I am developing a PostgreSQL Procedure using the plpython3u extension which let you use python procedural language into PostgreSQL.

With the following code using plpy, I am able to retrive data form table and put it into pandas dataframe.

CREATE OR REPLACE PROCEDURE public.plpy_proc_clas_full(
    )
LANGUAGE 'plpython3u'
AS $BODY$
  import pandas as pd
  
  data_lt = plpy.execute('SELECT "key", "value" FROM public."<your-table>" ORDER BY "key"'); #PLyResult --> List or Dictionary
  data_df_x = pd.DataFrame.from_records(data_lt)['key'];
  data_df_y = pd.DataFrame.from_records(data_lt)['value'];
  df = pd.concat([data_df_x, data_df_y], axis=1).values
  
  return df;
$BODY$;

But how can I write back the pandas dataframe to a table (for example after a few data manipulations in python)?

Stavros Koureas
  • 1,126
  • 12
  • 34

2 Answers2

1

The documentation shows an example in a rather unexpected section, on trapping errors:

CREATE FUNCTION insert_fraction(numerator int, denominator int) RETURNS text AS $$
from plpy import spiexceptions
try:
    plan = plpy.prepare("INSERT INTO fractions (frac) VALUES ($1 / $2)", ["int", "int"])
    plpy.execute(plan, [numerator, denominator])
except spiexceptions.DivisionByZero:
    return "denominator cannot equal zero"
except spiexceptions.UniqueViolation:
    return "already have that fraction"
except plpy.SPIError as e:
    return "other error, SQLSTATE %s" % e.sqlstate
else:
    return "fraction inserted"
$$ LANGUAGE plpython3u;

That would suggest you need to map the dataframe back to a record and bind it to placeholders ($1, $2) in a plpy.executed INSERT...VALUES... statement.

As with all basic db interactions, you could also dynamically construct the full text of a literal, static insert statement with inlined literal values based on that dataframe, then plpy.execute that. While simple and intuitive, it will be slower (rewriting, reformatting the data that could be otherwise passed directly and processed automatically) and less robust (no auto-quoting or sanitation, for example).

0

After some time, I read a few articles which were using libraries like psycopg2 or plpy.connect to open a connection to destination database.

Personally, I do not find any reason to re-open a connection while manipulating data (in and out) within the same runtime/database.

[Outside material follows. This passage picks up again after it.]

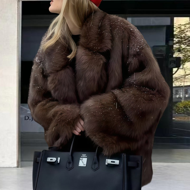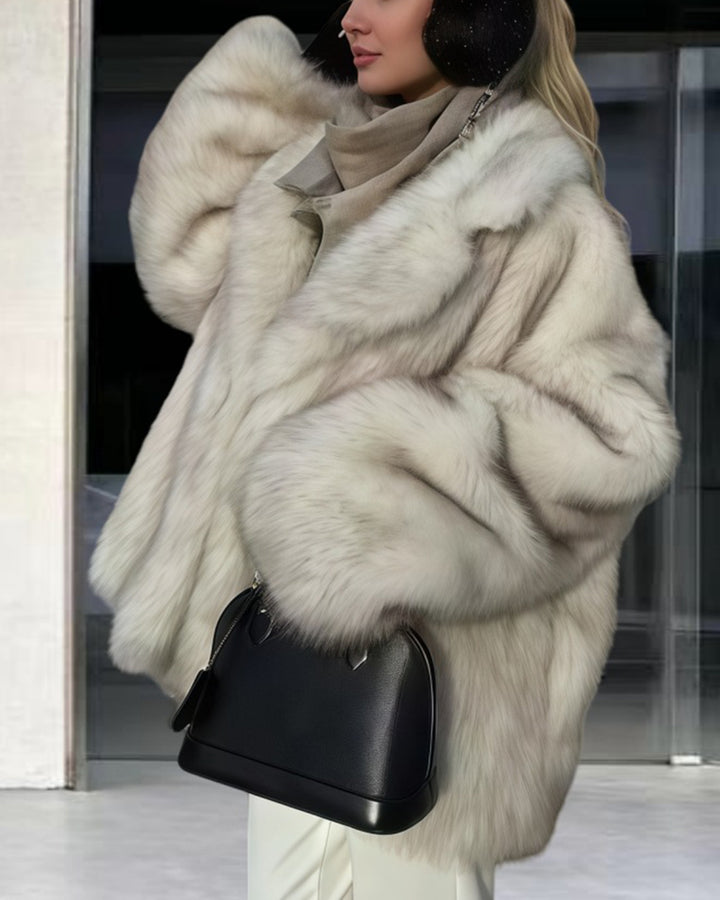Unlike many faux fur coats that appear artificial or stiff, the Luxe womens fur coat features an incredibly plush, high-density pile that closely mimics the softness and drape of natural fur. Its wide lapel collar and mid-length cut create a timeless, sophisticated silhouette that transitions effortlessly from day to night.

I thought of a solution which makes the job, although not sure about performance while handling huge tables because of using an iteration into the dataframe which case multiple insert statements, more specific one insert per line into dataframe, which is not bulk.

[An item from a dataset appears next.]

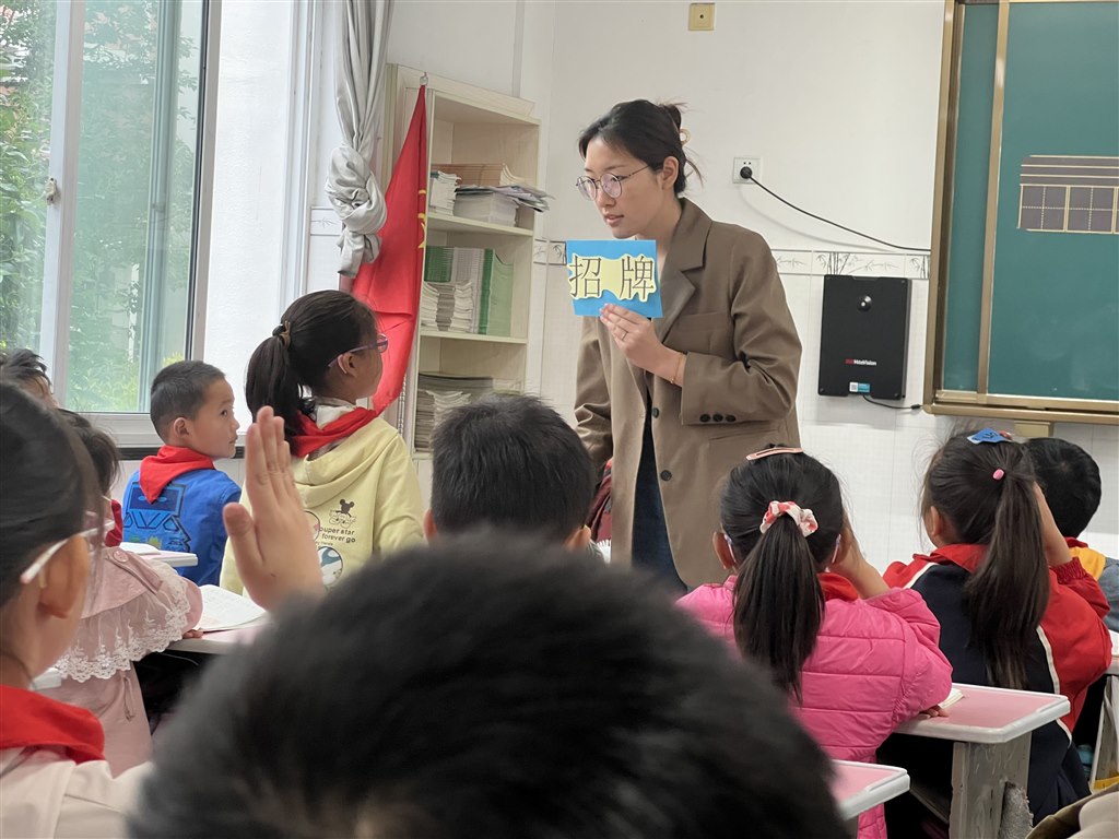 在执教《蜘蛛开店》时,唐老师先带领学生从生活中熟悉的“商店”导入,再引入课题,同时质疑课题,调动学生的积极性。与此同时,唐老师也注重字词教学,在掌握了生字词和书写后,她步步引导,层层深入,使学生理清故事脉络,同时,让学生结合板书用自己的话讲一讲这个故事,训练学生的表达能力。学生展现了良好的素养,听课状态佳、表达能力强。

CREATE OR REPLACE PROCEDURE public.plpy_proc_test(
    )
LANGUAGE 'plpython3u'
AS $BODY$
  import pandas as pd
  
  data_lt = plpy.execute('SELECT "key", "value" FROM public."ml_train" ORDER BY "key"'); #PLyResult --> List or Dictionary
  data_df_x = pd.DataFrame.from_records(data_lt)['key'];
  data_df_y = pd.DataFrame.from_records(data_lt)['value'];
  
  df = pd.concat([data_df_x, data_df_y], axis=1)
  
  for index, row in df.iterrows():
    plan = plpy.prepare('INSERT INTO test (y_hat, y_act) VALUES ($1, $2)', ['numeric', 'numeric'])
    plpy.execute(plan, [row[0], row[1]])
$BODY$;
Stavros Koureas
  • 1,126
  • 12
  • 34